The Purchaser is obliged to accept a new version of the software as a remedy as long as the functional scope of the original software is essentially retained.
If the remedy of the defect finally fails despite repeated attempts of ChessBase to remedy the defect, the Purchaser shall be entitled to a reasonable reduction of the purchase price or to withdraw from the contract under the further conditions described by law, unless the defect is insignificant.
ChessBase shall be entitled to circumvent any defect that may occur if this defect itself can only be remedied with disproportionate effort and if the use of the software does not suffer significantly as a result.
5.5 The Purchaser's warranty claims shall expire within two years after delivery or download of the software.
5.6 The Purchaser's warranty claims are excluded or limited insofar as and to the extent that the defect is due to improper handling or use of the software or other fault on the part of the Purchaser.

6 Liability and Compensation
6.1 ChessBase shall be liable - irrespective of the legal basis - only for damages
a) if and to the extent that this is mandatory by law under the Product Liability Act or in cases of injury to life, body or health,
b) insofar as and to the extent that the damage is based on grossly negligent or intentional conduct on the part of ChessBase, as well as
c) in the event of a culpable breach of an essential contractual obligation (cardinal obligation).
Any further liability of ChessBase is excluded.

6.2 The liability of ChessBase according to clause 7.1 c) is furthermore
a) limited to foreseeable, typical, direct damage; liability for indirect damage, consequential damage and other financial loss, in particular liability for loss of profit, is excluded,
b) limited in amount to the purchase price paid by the Buyer for the Software.

7. claims for compensation by ChessBase
In the event of an infringement of the property rights, copyrights or rights of use to the licensed software and/or the accompanying material as well as in the event of an infringement of the obligations entered into with this software transfer and license agreement by the Purchaser, ChessBase shall be entitled to statutory and contractual claims for compensation against the Purchaser.

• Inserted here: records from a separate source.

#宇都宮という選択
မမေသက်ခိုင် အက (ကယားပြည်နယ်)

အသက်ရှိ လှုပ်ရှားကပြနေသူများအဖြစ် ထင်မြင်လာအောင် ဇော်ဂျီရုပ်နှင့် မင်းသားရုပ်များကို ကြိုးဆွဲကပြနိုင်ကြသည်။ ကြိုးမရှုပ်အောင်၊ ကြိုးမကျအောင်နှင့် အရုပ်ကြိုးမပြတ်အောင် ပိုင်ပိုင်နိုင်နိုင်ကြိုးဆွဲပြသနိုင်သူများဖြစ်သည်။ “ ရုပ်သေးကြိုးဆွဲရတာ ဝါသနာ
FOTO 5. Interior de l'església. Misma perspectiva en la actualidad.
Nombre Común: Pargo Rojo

This shall apply in particular to breaches of the provisions in clauses 2.2 and 2.3.

8. final provisions
8.1 This contract shall be governed in all its parts by the laws of the Federal Republic of Germany to the exclusion of the UN Convention on Contracts for the International Sale of Goods (CISG).
8.2 Oral collateral agreements as well as supplements or amendments to this contract must be in writing to be effective. This shall also apply to any amendment of the written form requirement itself.

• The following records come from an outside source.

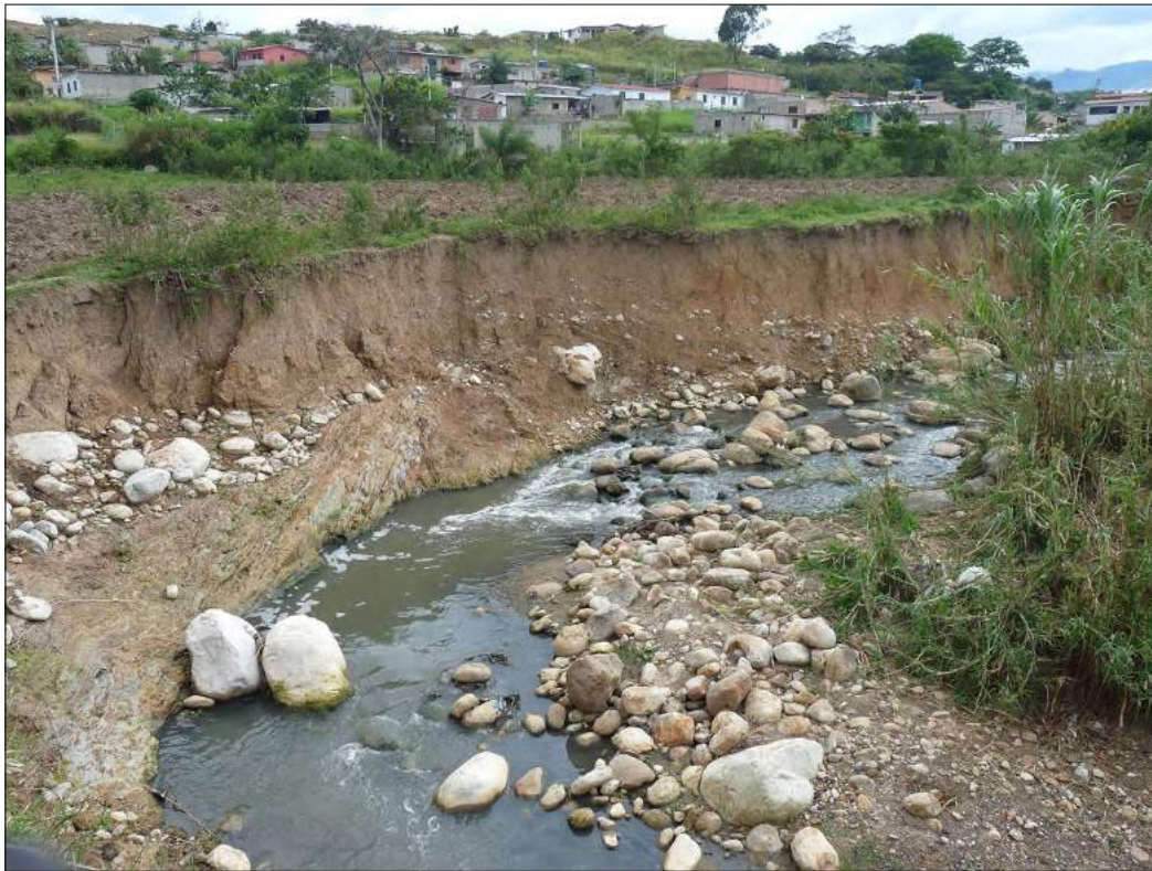
La quebrada La Yegüera pasa a menos de 100 metros de Colinas de Bello Monte.

Este cauce a lo largo de la historia ha causado tragedias en la población de Rubio, como consecuencia de las arremetidas ocasionadas por las crecidas. Una de ellas ocurrió en el año 1986
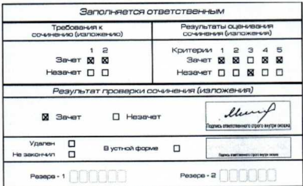
Рис. 11. Область для оценки работы

После окончания заполнения бланка регистрации ответственное лицо ставит свою подпись в специально отведенном для этого поле.
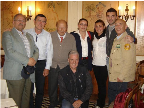
Gruppo di amici a Pinerolo

Qualunque altro commento cadrebbe banalmente nella retorica descrizione e me ne guardo bene. Desidero invece ringraziare pubblicamente tutti gli amici che con tanto amore e fraterno attaccamento ci hanno accolti a Pinerolo accompagnandoci, poi, per la tre giorni torinese.

8.3 Individual employees of ChessBase are not authorised to amend or supplement the provisions of this software transfer and license agreement in whole or in part. Amendments or supplements to this Agreement may only be made in writing by the management.

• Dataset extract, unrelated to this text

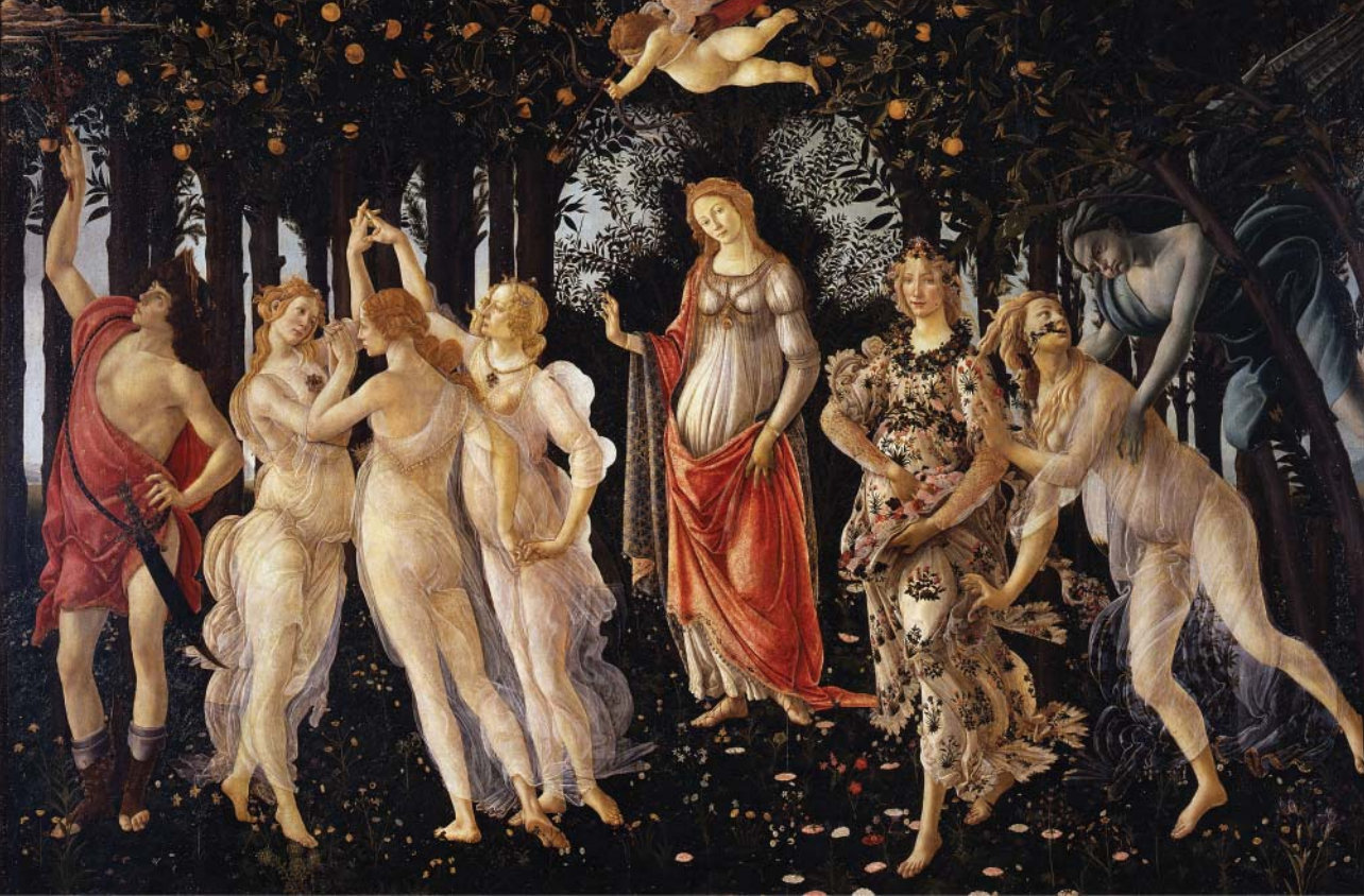
Сандро Боттичелли (1445–1510) Весна

8.4 Should individual provisions of this contract be or become invalid or unenforceable, this shall not affect the validity of the remaining provisions of this contract. The invalid or unenforceable provision shall be replaced by a valid and enforceable provision which comes as close as possible to the economic intention of the invalid or unenforceable provision.
The same shall apply in the event of a loophole in the contract.
8.5 Hamburg is agreed as the place of jurisdiction for all legal disputes arising from or in connection with this contract.
Notwithstanding the above provision, ChessBase shall be entitled at its discretion to sue the Purchaser at its general place of jurisdiction or to initiate other legal measures.
This agreement on the place of jurisdiction shall not apply if the Purchaser is a consumer.